Exercise — If a line below falls between the line with "Scarpa Dr Martens" and the line with "Auguste Bonheur - Les", or is one of those two, output it exactly; output nothing else and no pictures.
-*-*-
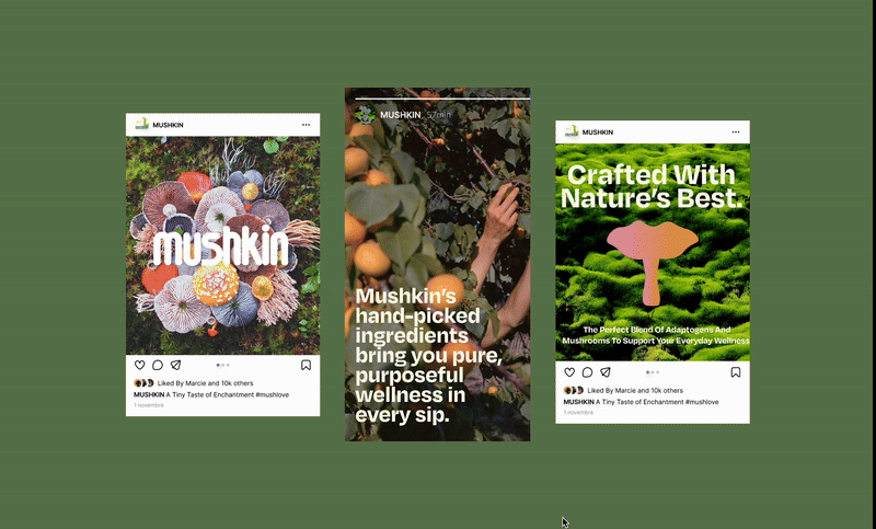 The naming, Mushkin, hints at both the adaptogenic roots—drawing softly from the world of mushrooms and botanicals—and the brand’s playful charm. The word feels friendly which becomes part of the drink’s identity. Each flavor is represented not by flashy illustrations or cluttered graphics, but by minimal, symbolic marks: simple shapes, subtle textures, and a single bold accent color that communicates its mood and taste profile. This approach keeps the packaging clean and modern while still allowing each can to feel alive, expressive, and memorable.
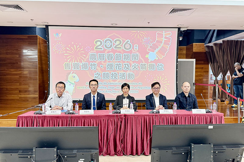 二零二六年農曆新年爆竹、煙花、火箭攤位和神香風車攤位公開競投昨午在沙梨頭活動中心舉行,市政署管委會委員吳秀虹、諮委會委員陳嘉敬、市政署衛生監督廳廳長梁焯文、小販事務處處長劉剛杰出席主持。
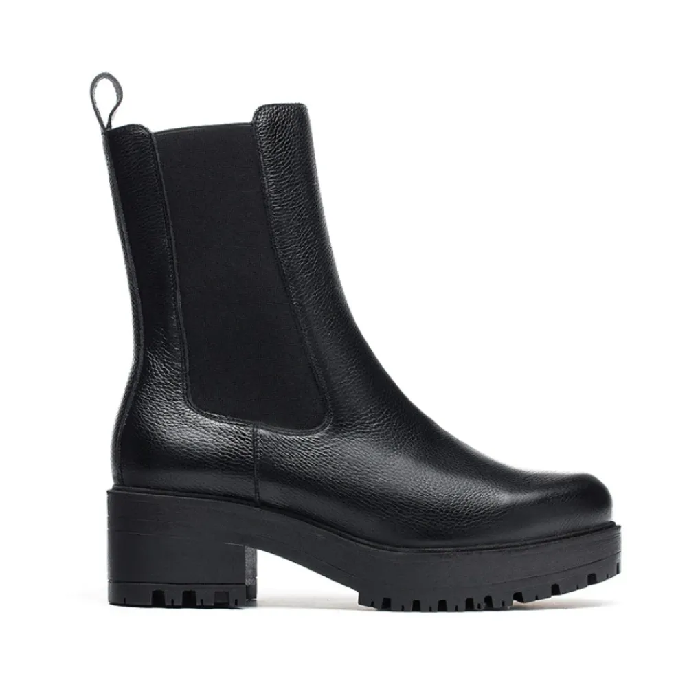 Træd ud i stil med disse Wonders Chelsea-støvler til kvinder. Fremstillet af sort læder med en tekstureret overflade, har disse ankelstøvler brede elastiske sider, en praktisk træklap og lynlåslukning. Den tykke spor sål giver fremragende trækkraft, mens den fleksible sål sikrer maksimal komfort. Oplev Wonders enestående kvalitet med disse bikerstøvler.
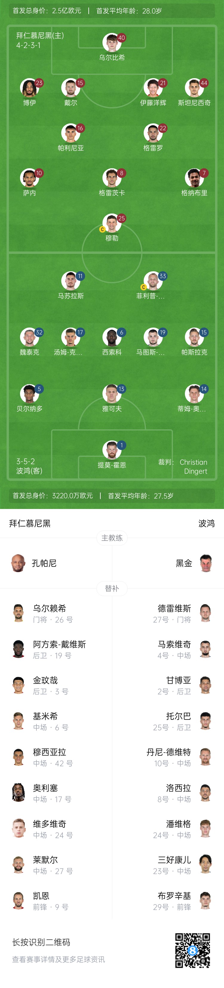 拜仁vs波鴻首發(fā):伊藤洋輝、薩內(nèi)先發(fā),烏爾比希出戰(zhàn),凱恩替補(bǔ)
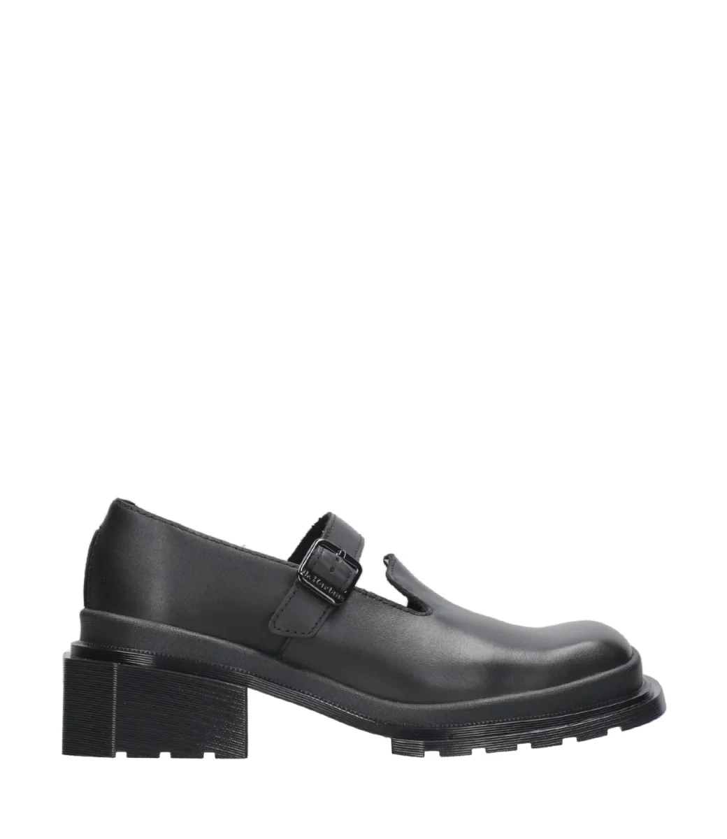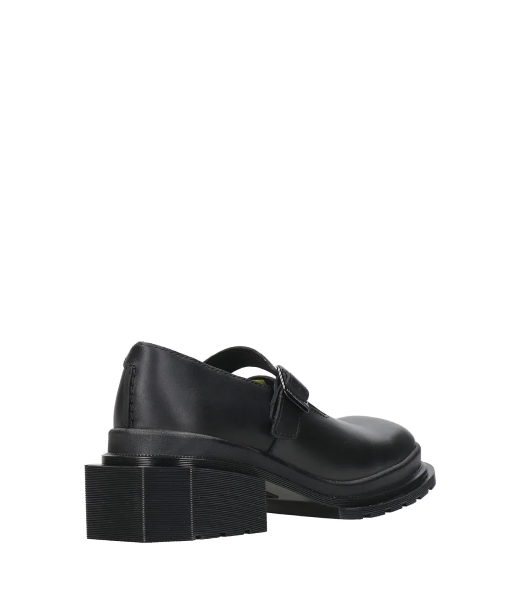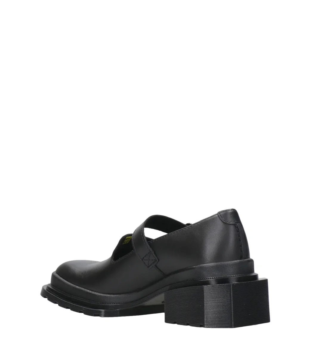 Scarpa Dr Martens Maybole in pelle Wanama leggera con finitura satinata e lucida. Dedign con bordi quadrati una rivoluziona dalla silhouette Mary Jane. Suola larga e angolare in gomma rifinita con motivo scanalato, angoli marcati lungo il tacco. Chiusura con cinturino sul collo che si allaccia con una fibbia regolabile e logata Dr. Martens.
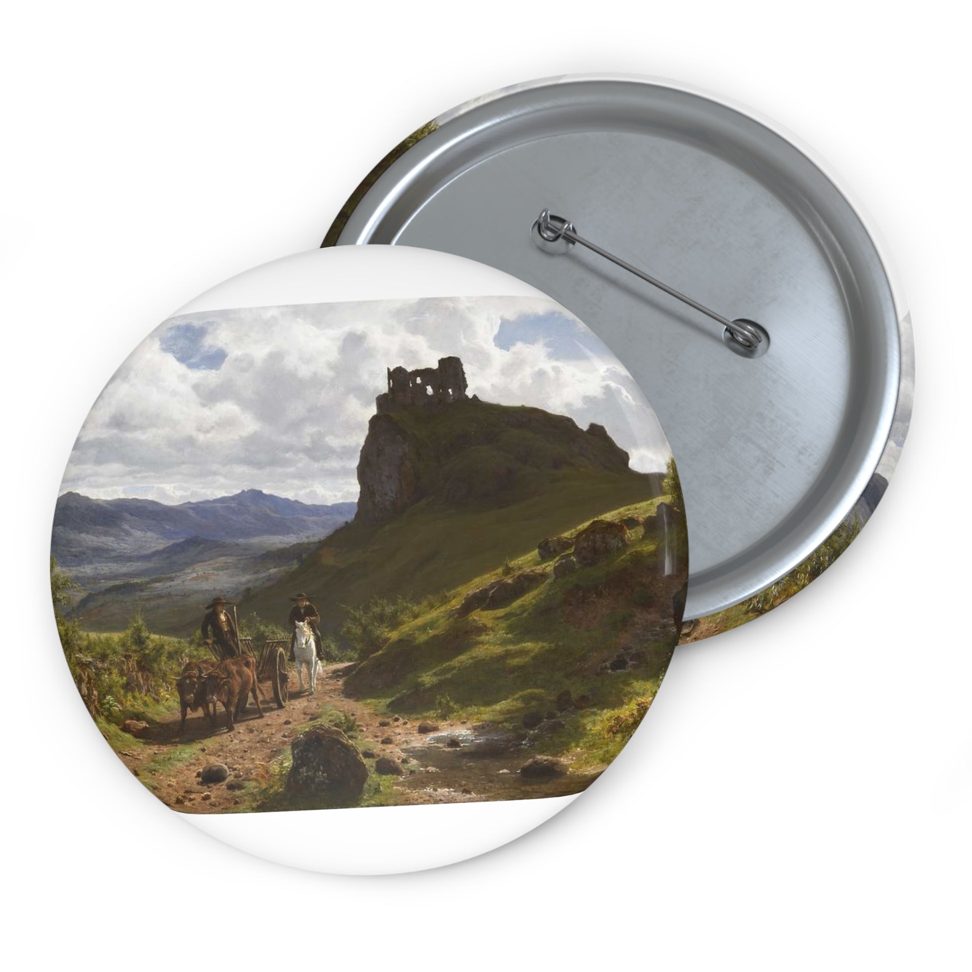 Auguste Bonheur - Les ruines du château d'Apchon Pin Buttons with Crisp Design
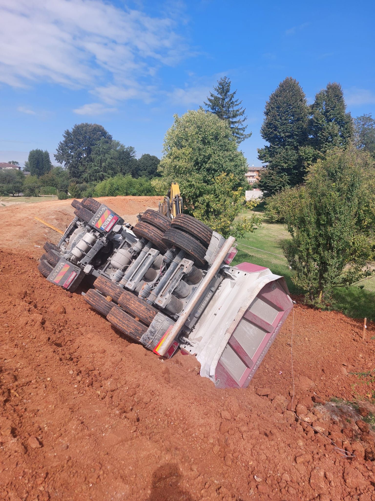Camion ribaltato in cantiere, lievi ferite per il conducente
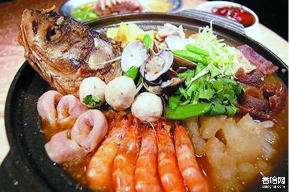 制作方法:1.活弓魚去鱗、鰓、內(nèi)臟,洗凈后斬為3段,用精鹽7克抹遍魚身腌上。板豆腐切成三厘米見方的小塊,放在沸水中燙一遍瀝去水分。云腿、海參、魷魚、紅胡蘿卜、白菜心分別切為片,蔥切為末,姜切為絲。2.取能盛兩公斤的空砂鍋一只,置旺火上燒,燒的熱度越高越好。3.炒鍋內(nèi)注入上湯,先放入腌過的弓魚煮熟,再放入云腿片、海參片、魷魚片、蹄筋、冬菇、玉蘭片、金鉤、板豆腐、紅胡蘿卜片、菜心、姜絲、蔥末稍煮,撇去浮沫,加入精鹽13克、胡椒面、味精調(diào)好味,淋上芝麻油。燒熱的砂鍋擺在墊碟上,將炒鍋內(nèi)煮好的弓魚倒入砂鍋。由于砂鍋的熱度較高,上桌時仍然沸騰。
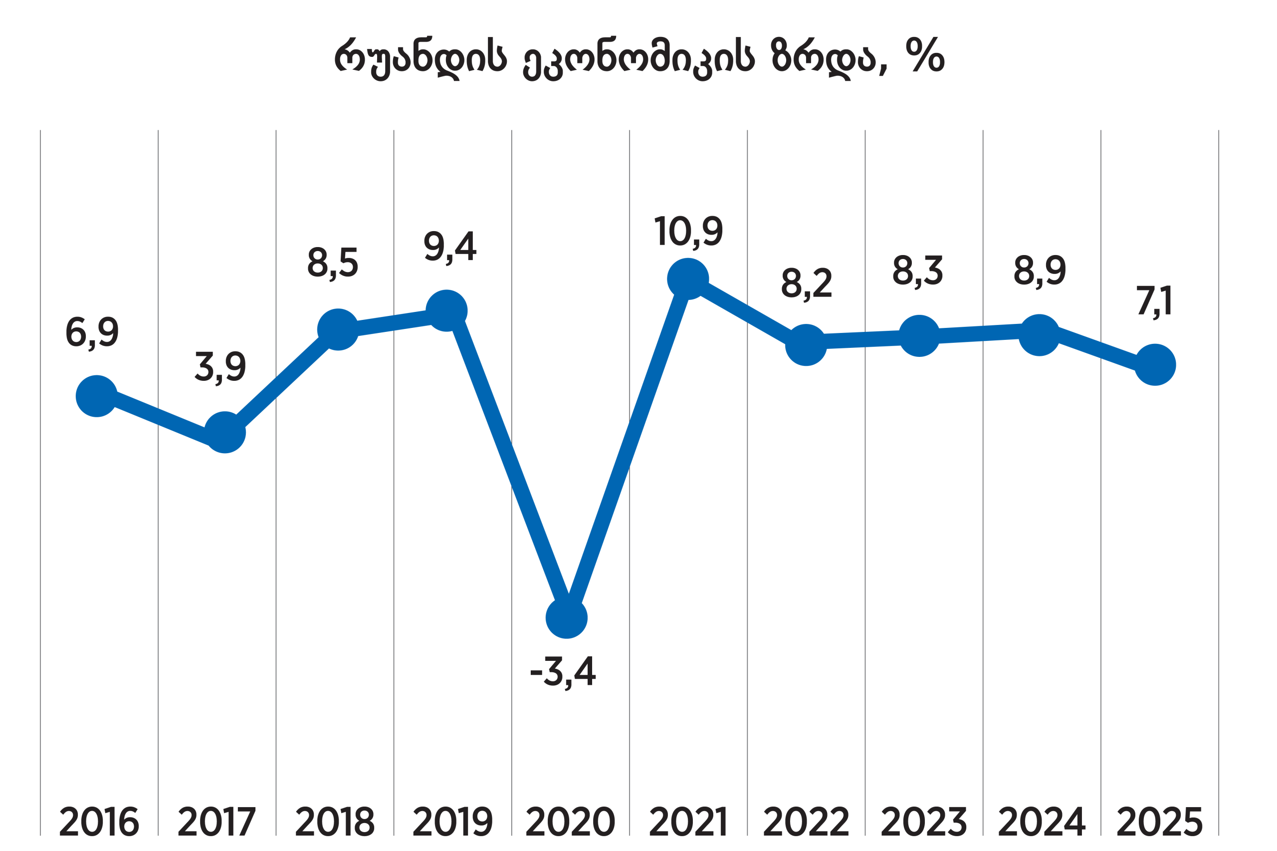 რუანდა 1990-იან წლებში გენოციდით ძალიან დაზარალებული, პატარა, რესურსებით ღარიბი ქვეყანაა, თუმცა ბოლო წლებში პოლიტიკური სტაბილურობა აქვს და ბევრი რეფორმა გაატარა. ბოტსვანასთან ერთად აფრიკის კონტინენტზე ყველაზე ნაკლებად კორუმპირებული ქვეყანაა. კორუფციის რეიტინგში 43-ე ადგილზეა (საქართველო 53-ე ადგილზეა). სწრაფად იზრდება მომსახურების სექტორი, მნიშვნელოვან ინვესტიციებს დებს ინფრასტრუქტურაში.
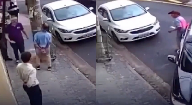 Imagens de câmeras de segurança mostram o momento em que um homem encapuzado se aproxima do local usando máscara e moletom preto e dispara contra a vítima à curta distância. O segurança cai imediatamente, e o suspeito volta a atirar antes de fugir do local.
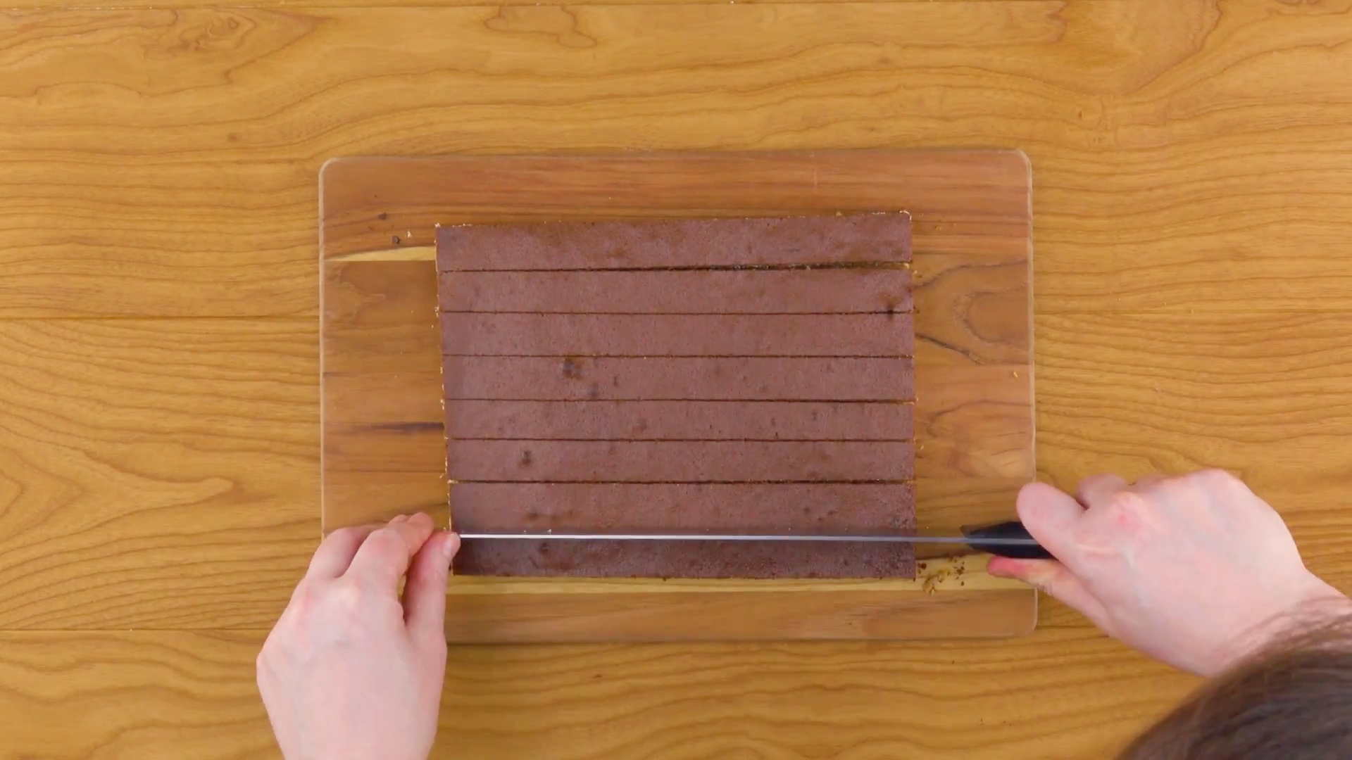 5.) Den fertig gebackenen Kuchen schneidest du in eine rechteckige Form. Achte darauf, alle Kanten genau gerade abzuschneiden. Für die nächsten Schritte ist das besonders wichtig. Nun schneide den begradigten Kuchen längs in acht Streifen gleicher Breite. Lege bei Bedarf ein Lineal an die Seiten und markiere den Kuchen an den entsprechenden Stellen, um ihn in Streifen zu schneiden.
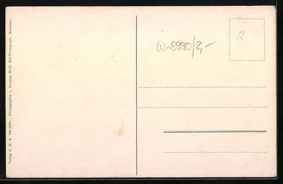Personenbezogene Daten auf der Rückseite der Karte wurden durch blauen Textmarker unkenntlich gemacht. Die blauen Stellen sind auf die Vorderseite durchgeweicht und wirken sich negativ auf das Postkartenfoto aus
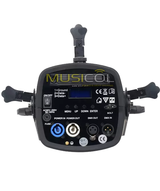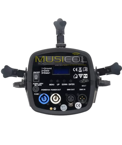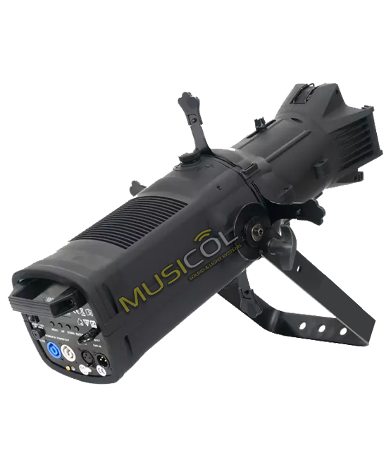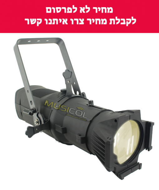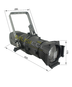 פנס ליקו LED PROFILE SPOT בהספק של 200W נורת לד תוצרת EDISON גוון אור לבן קר עם עדשה 36 מעלות ( הניתן להחלפה ב- 19 ,26 מעלות), 90CRI עם 4 תריסים מתכווננים ידנית, תושבת להוספת גובו, מופעל באמצעות DMX ב-3 ערוצים וכולל דימר לינארי מדוייק 0-100%, מסך תצוגה LCD ולחצני ניווט.
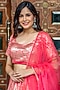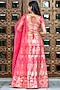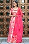 Featuring a neon pink lehenga in raw silk base with zardosi embroidery. It is paired with a matching blouse and a dupatta.
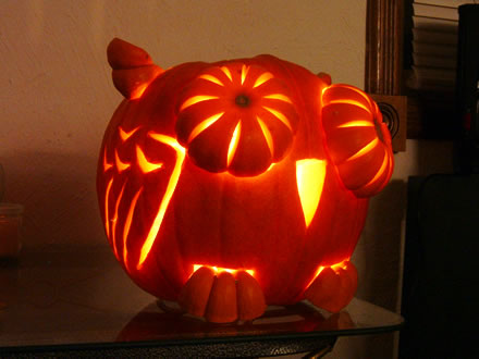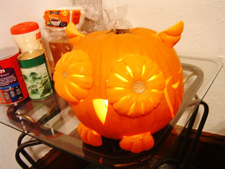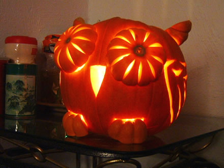 快到美国万圣节了。老美们都开始挑南瓜刻鬼脸。咱也凑热闹,玩点另类的让老外开开眼。 先来回顾下以前的作品吧。2002年 猫头鹰
-*-*-
Response area —
 Scarpa Dr Martens Maybole in pelle Wanama leggera con finitura satinata e lucida. Dedign con bordi quadrati una rivoluziona dalla silhouette Mary Jane. Suola larga e angolare in gomma rifinita con motivo scanalato, angoli marcati lungo il tacco. Chiusura con cinturino sul collo che si allaccia con una fibbia regolabile e logata Dr. Martens.
 Auguste Bonheur - Les ruines du château d'Apchon Pin Buttons with Crisp Design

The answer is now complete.